Joshua Sutcliffe is pursuing an appeal against a May 2023 prohibition order issued after a regulator found him guilty of “unacceptable professional conduct” while working at The Cherwell School in Oxford between 2015 and 2018.
A Teaching Regulation Agency (TRA) panel concluded he did not treat a transgender student with “dignity and respect” by failing to use his “preferred pronouns” in class and while appearing as a guest on ITV’s This Morning. It found Mr Sutcliffe failed to safeguard pupils’ wellbeing when saying God had stopped a person from being gay because it was wrong.
The panel also concluded he did not provide a balanced view to a video played in form class about men being “not masculine enough” while at St Aloysius’ College in Islington, north London, in 2018.

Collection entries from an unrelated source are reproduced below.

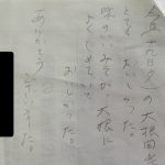 デイサービスの日以外は毎日昼夜注文頂いており、いつも配達の時にご丁寧に感謝のお言葉を下さるお客様です。今回、お誕生日でしたのでお弁当にお届け票と一緒にお誕生日カードを付けさせていただきました。お誕生日カードを喜んでいただきお手紙を頂戴しました。ありがとうございました。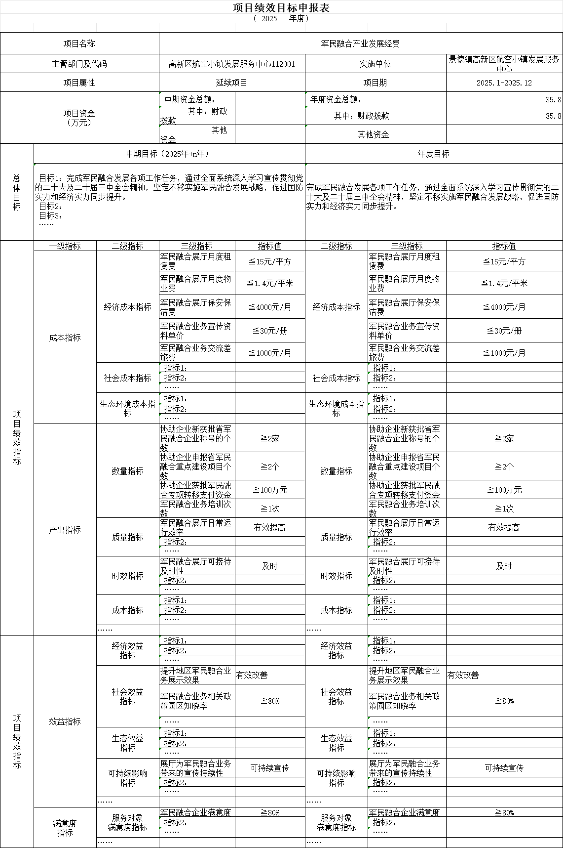 7)项目绩效目标:完成军民融合发展各项工作任务,通过全面系统深入学习宣传贯彻党的二十大及二十届三中全会精神,坚定不移实施军民融合发展战略,促进国防实力和经济实力同步提升。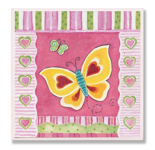 The Kids Room by Stupell Yellow and Red Butterfly with Stripes Square Wall Plaque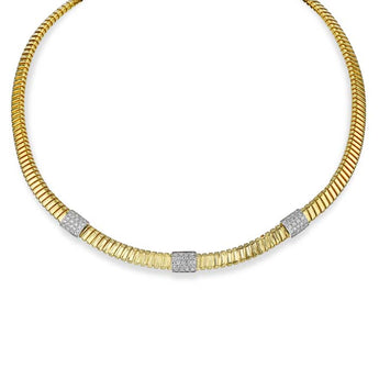 Simon G. Ribbed Diamond Station Choker Necklace in 18K White and Yellow Gold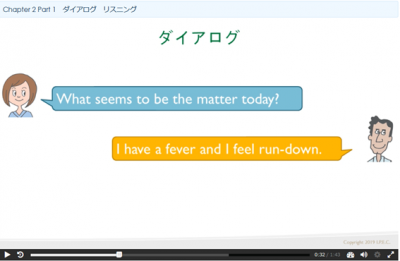 ・全体を通して、看護英語テキストだけではカバーしきれない語彙・表現なども詳しく説明されていて、受講しやすかったです。ロールプレイも映像が相手をしてくれるので、看護師役、患者役の両方が練習できてよかったです。 ・文法の説明を聞くことができてよかったです。ふと、この言い回しは、何故なのだろうかと疑問に思っていたことがあったため、すっきりました。1つのチャプターで学ぶ内容が充実しており、テキストと併せてしっかりきっちり学習できる内容だと思います。 ・とても楽しく勉強出来ました。テストもワクワクしながら開いてみました。看護の現場で普段使われることを取り入れてくれていたので良かったと思います。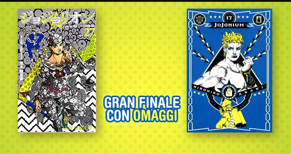 Nei prossimi mesi si concluderanno la lussuosissima JOJONIUM – che in Italia ha visto la luce nel 2019 – e JOJOLION – l’ottava serie de LE BIZZARRE AVVENTURE DI JOJO – del maestro Hirohiko Araki. In occasione dell’uscita dei due volumi finali, rispettivamente il numero 17 e il numero 27, ci saranno alcune sorprese in regalo per tutti i lettori appassionati del fantastico universo creato dal geniale Sensei.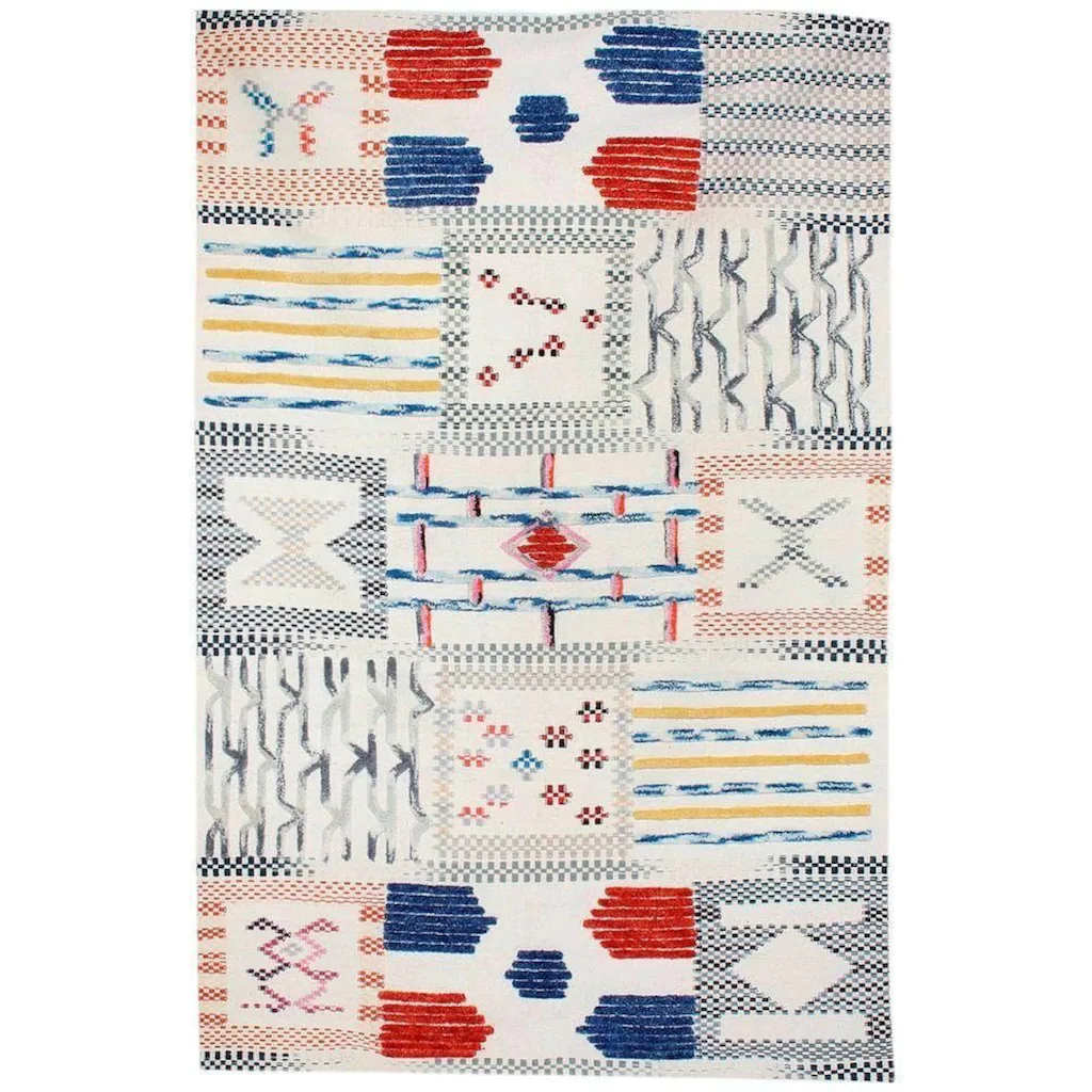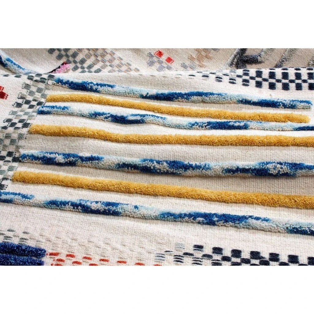 Ein wunderschöner Wollteppich mit energiereichen Farben eignet sich für jede Einrichtung.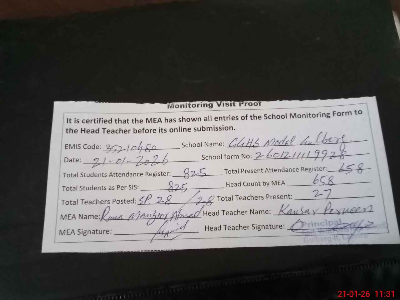 | Attendance Register | Head Teacher | MEA with School | Visit Proof |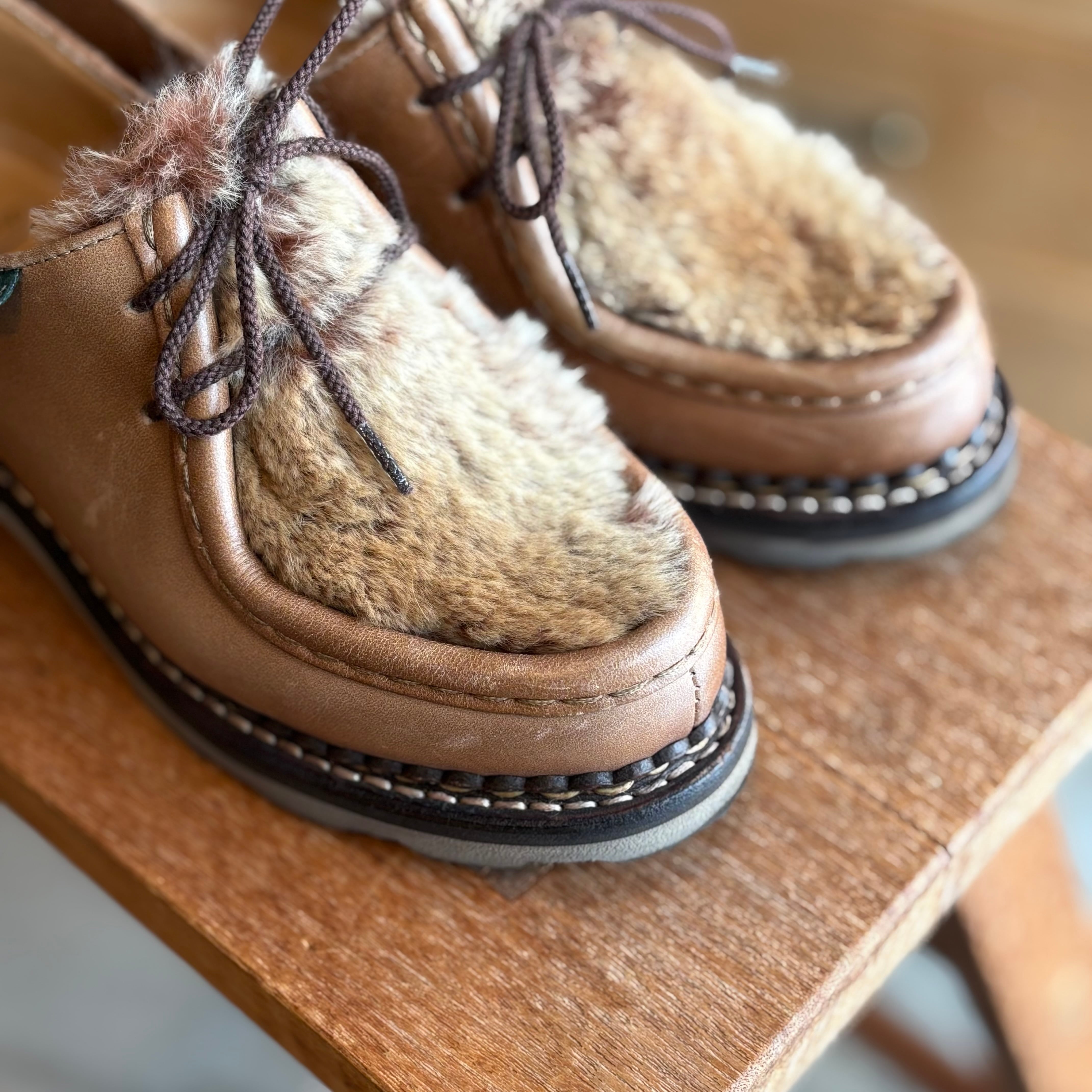 ヘビーなデザインのチロリアンシューズにふわふわのラビットファーを合わせた独特の外観は、他の追随を許さない存在感です。

The Department for Education (DfE), which accepted the TRA’s recommendation to ban Mr Sutcliffe, opposes the appeal bid, arguing it has been brought too late and has “no merit”.
At a hearing in London, government lawyers said the banned teacher had failed “to distinguish between his role as a teacher and his activities as a preacher”.
Ian Steele, for the DfE, said: “He seeks to make this a case about freedom of religion and freedom of expression, but in truth it is a case about a serious failure to treat pupils with dignity and respect and to safeguard their wellbeing.”
The incidents that took place at the Oxford school had an “adverse effect” on the transgender pupil’s health and attendance, and Mr Sutcliffe “failed even to consider what was in the best interests” of the student, the court heard.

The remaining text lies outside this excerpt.